Anyone She Wanted: The Sexual Offense of Debra Lafave
In Judge Hale Stancil's court, no plea would be accepted. In December 2005, he set a court date, but three months later the prosecutor dropped the charges, based on a psychological assessment that indicated there would be damage to the boy should he be forced to testify. In addition, there were ramifications for other children who considered telling on their wayward teachers. If they saw a boy paraded through the court system and the press, they might choose instead to suffer in silence.

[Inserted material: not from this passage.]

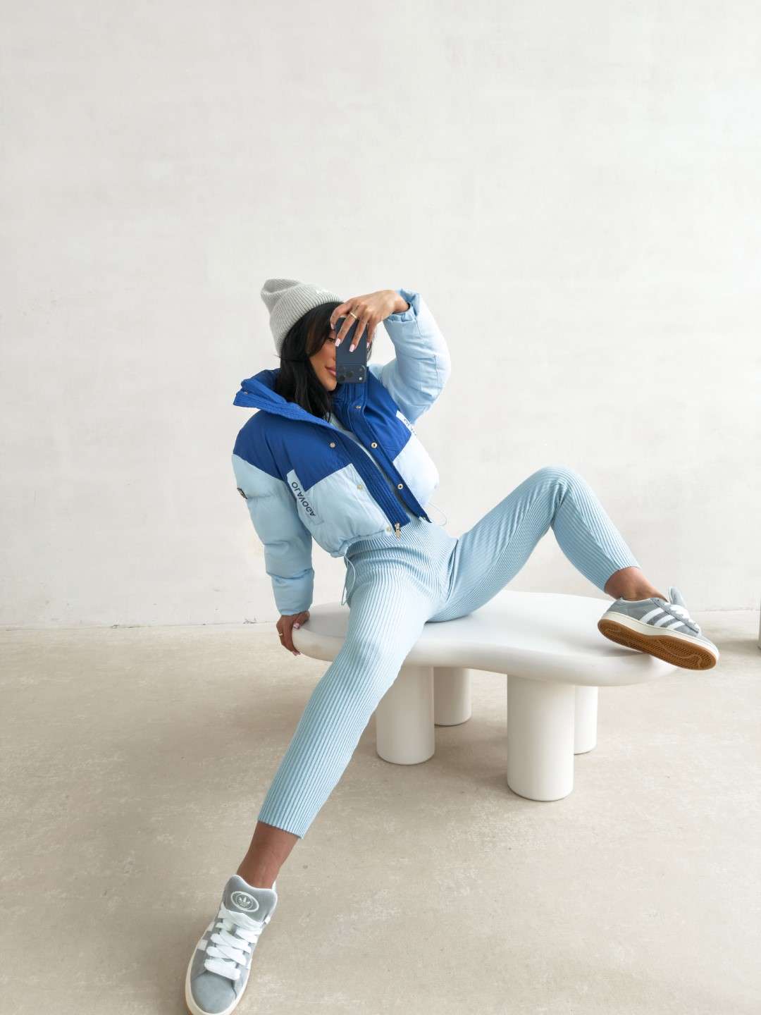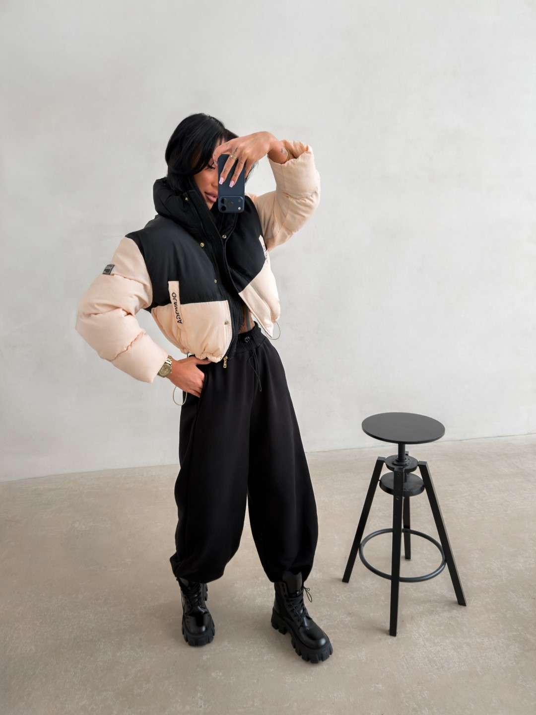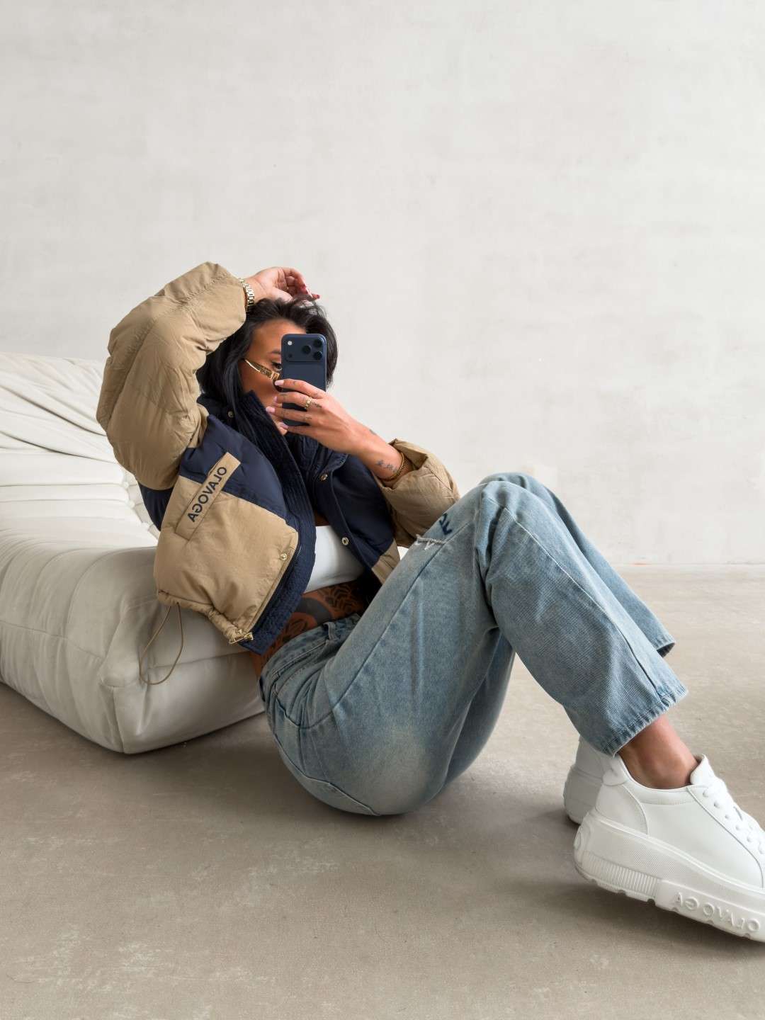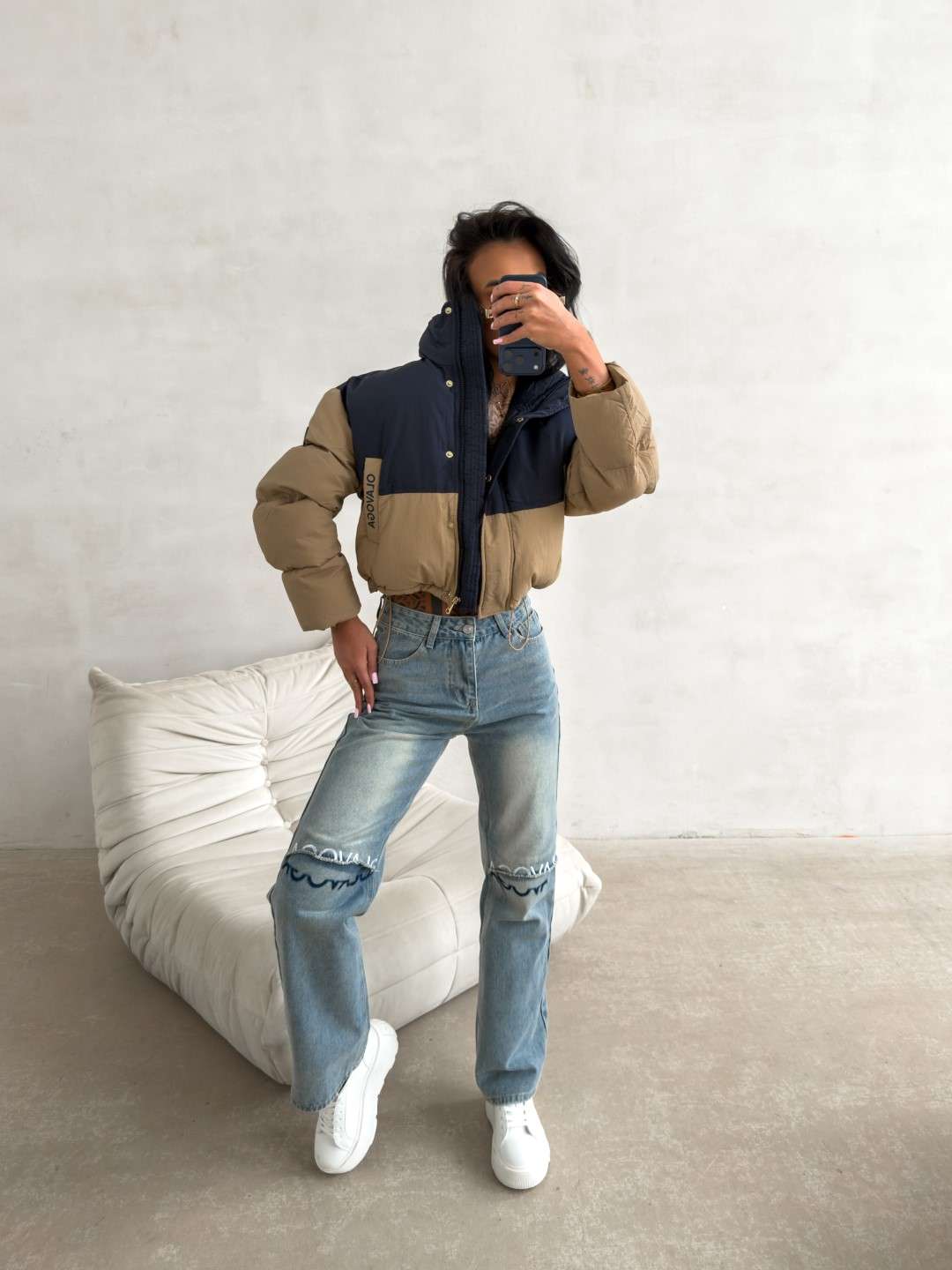 Krótka kurtka o pikowanej konstrukcji, wykonana z lekkiego, technicznego materiału. Model zapinany na zamek, z wysokim kołnierzem oraz obniżoną linią ramion. Kontrastowe zestawienie kolorystyczne. Rękawy zdobione logowaną taśmą OLAVOGA. Na przodzie naszywka z logo brandu.

Judge Stancil was not pleased. In March, he handed down a six-page decision in which he stated that, while no one of any age looks forward to cross-examination, he did not think the victim would have that much difficulty relating the crime in court. He also decried the lack of victim advocacy in the case and suggested that the psychiatric expert had not made a through study before forming an opinion. As cited in the legal document, Judge Stancil stated that accepting the plea agreement undermined the court's credibility. He added that it "would erode public confidence in our schools...[and] send the message that if enough publicity is generated, and the media's interest continues long enough, and because of that interest the victim does not wish to testify, a defendant can avoid an appropriate sentence." That consequence disturbed him. So, once again, he rejected the deal and ordered a trial to commence in April.
However, it was the prosecutor who made the final decision. He declined to proceed. In fact, he was dropping the charges in Marion County. It was a surprise, but perfectly legal, and it left Debra Lafave with only the house arrest imposed in Hillsborough. Many people believed that the court should have forced this case to trial, to teach her and other women like her a lesson, but there was no going back now. She'd gotten off with a very light punishment.
By this time, Lafave had come to accept that she'd been influenced by a condition that had caused mental instability. She called a press conference to reiterate this, in effect shucking her responsibility in the matter. By this time, she was also engaged to another man, and he stood by her. She said, "I know that I'm a good woman," and affirmed her newfound Christian faith. She offered no reason as to why she had done what she did and did not show remorse. But it wasn't long before she was ready with an answer. With aspirations herself to become a journalist, she agreed to do an interview with Matt Lauer for Dateline on NBC television, which aired on September 13, 2006. It was time, she thought, to tell her side.